И урезонивала по-своему:
– Угомонись, сестрёнка. Отдаст тебе Мавра парнишку. Потешит своё самолюбие и отдаст. Не чужая она вить Косте, а тётка родная. Ниче не сделатся с Костей-то. Не доводите себя до смертоубийства. Не позорьте ни себя, ни покойных родителей. Не срамитесь на всю округу и ко мне не бегайте жаловаться на друг дружку.
– Ты, Мавруша, успокоилась бы, – в другой раз говорила средней сестрице. – Дуся вить тоже мать. И ей не сладко приходится. Ну, пошла замуж за Демьяна по девичьей глупости, а кто в таки-то года не делал глупостей? Не показала карахтера, позволив тятенькиному самоуправству возобладать. И что ж, убивать её за это?

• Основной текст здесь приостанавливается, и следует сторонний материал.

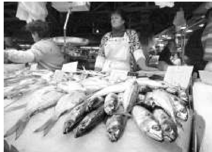
Eating fish and enjoying life helps Spaniards lessen risk of heart disease

He found that hypertension was also responsible for sudden deaths associated with heart conditions and was a risk for sufferers. He dis-
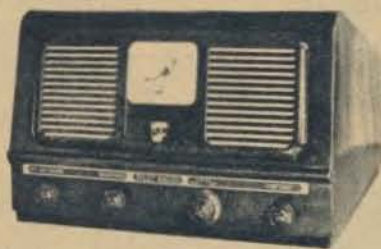
D. PILOT —low priced portable. Small direct view. AC only. $99.50
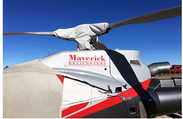
Eurocopter EC-130 Main Rotor Hub Cover
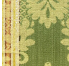
4139-03 LOURMARIN- MOUSSE/TOMETTE
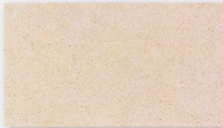
▲ 610 - Champagne Delight
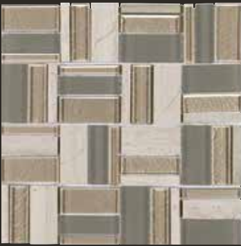
GL05 Argento 3" Glass & Stone Block 12" x 12" Sheet
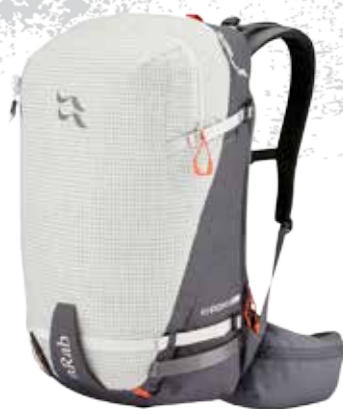
RAB KHROMA 30 $349.95

Spectra® fibres are 15 times stronger than steel for their relative weight and is sewn throughout the Khroma. Take on rugged winter terrains with your skis or snowboard with this diagonal or A-frame carry-capable pack.
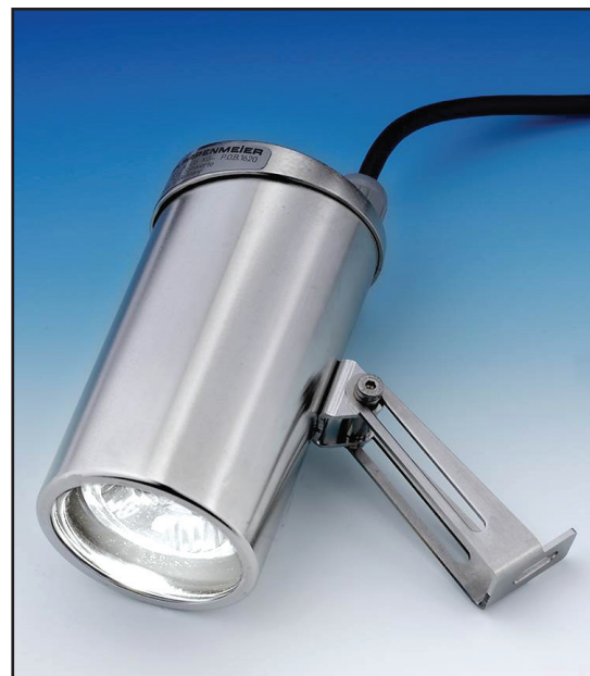
LumiStar2000 Luminaire Series USL15 with Mounting Bracket

Родные сёстры же мы, а живём, как злыдни каки-нибудь.
– Ты, Дуся, прости Маврушу, не со зла она так-то ведёт себя – от одиночества лютого и девичьего счастья не сложившегося. И каково ж ей, вековухе, одной-одинёшенькой на свете жить. Ну и пускай Костя поживёт у неё како-то время – хуже-то никому не будет. А ты как была его матерью, так его матерью и останешься, – втолковывала и Авдотье.
Так и жили, а вернее – маялись сёстры: одна – воровала, другая – отнимала единокровное. И чем бы дело кончилось, никто не знает, если бы не один случай, который поменял всё, но об этом мы расскажем в следующей главе нашего повествования.

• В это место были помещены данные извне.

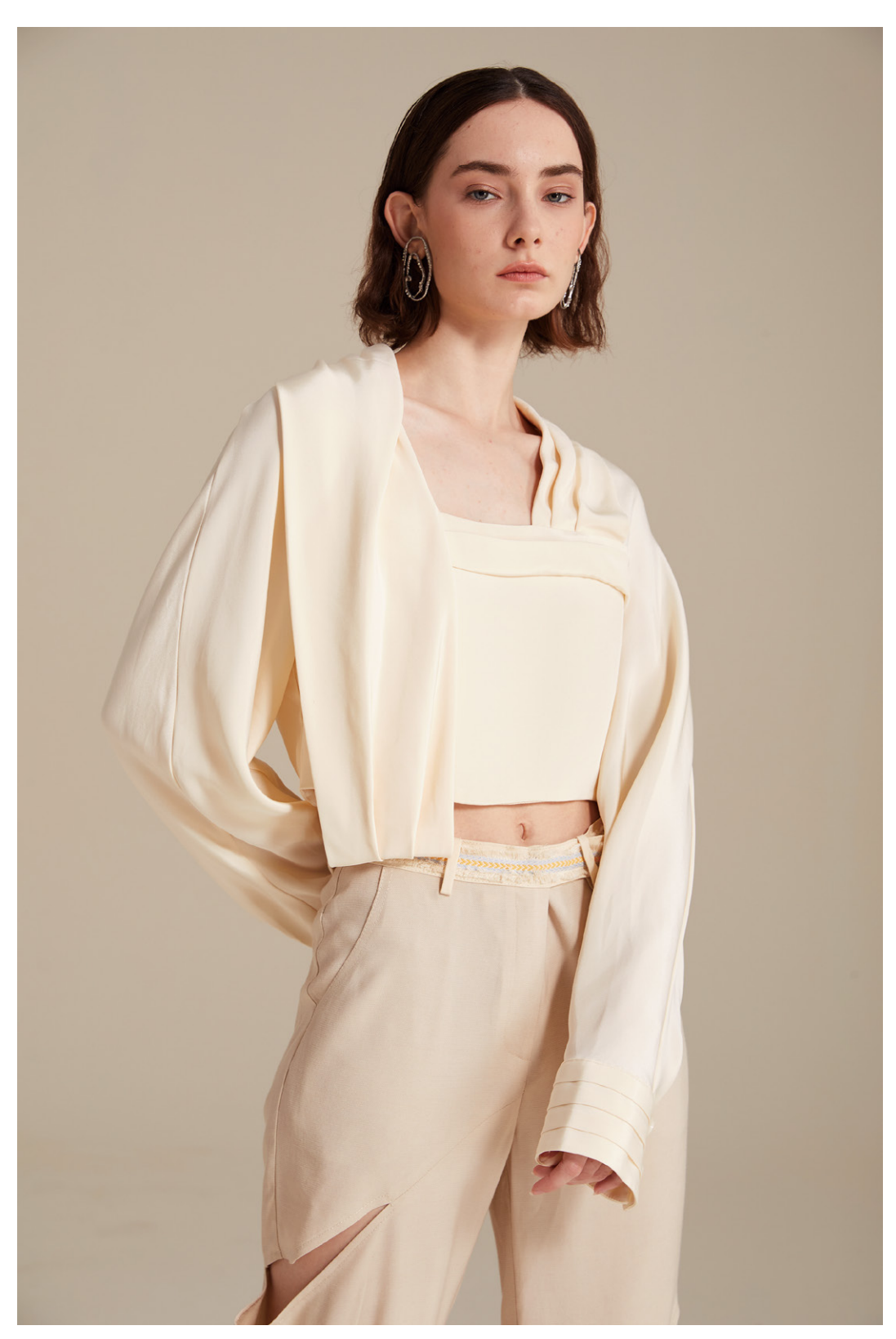
SHIRT / 24C563-RW TROUSERS / 24C551-RW

И дожила Мавра до старости. И приползла однажды в новый дом Капитонов. Помогавшая снять одежду перевалившей через порог старухе Катерина успокаивающе говорила то, что принято говорить в таких случаях.
– Ничё, тётка Мавра, отлежишься, силёнок поднаберёшься и пойдёшь по своим делам – по родне, в церкву, ещё куды. Ни-и-чё-ё…
Непоказно обрадовалась сестре Настасья.
– Вот хорошо, что пришла. Во-от хорошо…
Сгоношила на стол, усадила почти силком, заставила поведать о своей беде. И Мавра выговорилась – тихо, без слёз и закатываний к небу глаз. Ведь обе они – Долгих, о чём никогда не забывали. Обе они – дочери своего отца Степана Фёдоровича, знавшего цену всему и вся и по любому поводу говорившему только один раз. Знали цену себе и они, его дочери.
Настасья радовалась, что может принять сестру в новом доме, ведь это дом так же и её. И она старалась, чтобы он был. Потому и могла не беспокоиться, что кому-то не понравится Маврино появление, а тем более – в таком виде. К тому же именно она, Настасья, будет ухаживать за больной, так что болезнь сестры – её обуза и ничья более.
И как же кстати пришлось молочко Майкино, из которого и сливочки свежие, и маслице духмяное, и творожок рассыпчатый. Подкармливала сестрицу, придвигая к ней то одно, то другое, а где и с ложечки прикармливая.
– Не коровка у тебя, Настасьюша, – золото, – нахваливала Мавра, попадая в самое заветное место, в самую серёдку души Настасьиной. – У тятеньки тож были добрые коровёнки. И после были – у тебя и у меня, но таких сладких сливочек чегой-то я не упомню.
– Добрая, добрая коровёнка, – соглашалась Настасья, улыбаясь всем ртом. – Кормилица и поилица наша… А уж карахтером-то и приветливая, и уважительная, зазря не взбрыкнет, не взмыкнет. Истинно – золото… Ты ешь, ешь, Мавруша…
Говорили они целыми днями, вспоминали родителей, братьев Ганю, Ивана, сестрицу Авдотью, деревню, как некогда жили в отцовском доме. Мавра наказывала Настасье, что на неё надеть, когда помрёт, сколько дать батюшке в Никольской церкви, чтобы, как полагается, отпели, чтобы похоронили на старом сельском кладбище.